***** SUPPLIED INFORMATION

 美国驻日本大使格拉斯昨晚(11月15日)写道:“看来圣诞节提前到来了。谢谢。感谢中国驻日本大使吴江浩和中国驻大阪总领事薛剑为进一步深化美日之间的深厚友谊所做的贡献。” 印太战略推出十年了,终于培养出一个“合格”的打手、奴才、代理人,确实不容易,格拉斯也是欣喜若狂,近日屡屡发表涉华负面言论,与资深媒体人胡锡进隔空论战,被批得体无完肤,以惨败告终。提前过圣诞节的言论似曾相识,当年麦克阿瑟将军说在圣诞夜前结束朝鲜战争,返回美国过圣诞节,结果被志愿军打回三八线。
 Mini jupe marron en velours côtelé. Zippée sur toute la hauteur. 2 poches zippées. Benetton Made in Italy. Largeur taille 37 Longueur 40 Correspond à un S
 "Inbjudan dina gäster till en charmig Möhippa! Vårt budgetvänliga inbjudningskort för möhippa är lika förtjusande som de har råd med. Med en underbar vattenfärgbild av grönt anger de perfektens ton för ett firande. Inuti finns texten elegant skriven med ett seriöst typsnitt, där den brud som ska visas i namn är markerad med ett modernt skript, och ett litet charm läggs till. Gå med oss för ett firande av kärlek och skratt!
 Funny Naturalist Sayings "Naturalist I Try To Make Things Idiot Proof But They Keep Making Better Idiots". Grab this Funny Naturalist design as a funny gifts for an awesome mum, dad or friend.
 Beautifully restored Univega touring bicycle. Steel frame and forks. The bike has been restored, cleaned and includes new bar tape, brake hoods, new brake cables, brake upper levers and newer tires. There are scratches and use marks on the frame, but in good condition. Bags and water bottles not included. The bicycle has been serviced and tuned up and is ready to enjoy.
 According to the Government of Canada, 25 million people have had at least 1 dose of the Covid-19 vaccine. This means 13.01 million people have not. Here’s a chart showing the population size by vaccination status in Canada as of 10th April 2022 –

**********

YOUR INSTRUCTIONS:
Your answer should be the lines from the one containing "Mini jupe marron" to the end of the entries above, restated exactly and alone.

TASK OUTPUT:
 Mini jupe marron en velours côtelé. Zippée sur toute la hauteur. 2 poches zippées. Benetton Made in Italy. Largeur taille 37 Longueur 40 Correspond à un S
 "Inbjudan dina gäster till en charmig Möhippa! Vårt budgetvänliga inbjudningskort för möhippa är lika förtjusande som de har råd med. Med en underbar vattenfärgbild av grönt anger de perfektens ton för ett firande. Inuti finns texten elegant skriven med ett seriöst typsnitt, där den brud som ska visas i namn är markerad med ett modernt skript, och ett litet charm läggs till. Gå med oss för ett firande av kärlek och skratt!
 Funny Naturalist Sayings "Naturalist I Try To Make Things Idiot Proof But They Keep Making Better Idiots". Grab this Funny Naturalist design as a funny gifts for an awesome mum, dad or friend.
 Beautifully restored Univega touring bicycle. Steel frame and forks. The bike has been restored, cleaned and includes new bar tape, brake hoods, new brake cables, brake upper levers and newer tires. There are scratches and use marks on the frame, but in good condition. Bags and water bottles not included. The bicycle has been serviced and tuned up and is ready to enjoy.
 According to the Government of Canada, 25 million people have had at least 1 dose of the Covid-19 vaccine. This means 13.01 million people have not. Here’s a chart showing the population size by vaccination status in Canada as of 10th April 2022 –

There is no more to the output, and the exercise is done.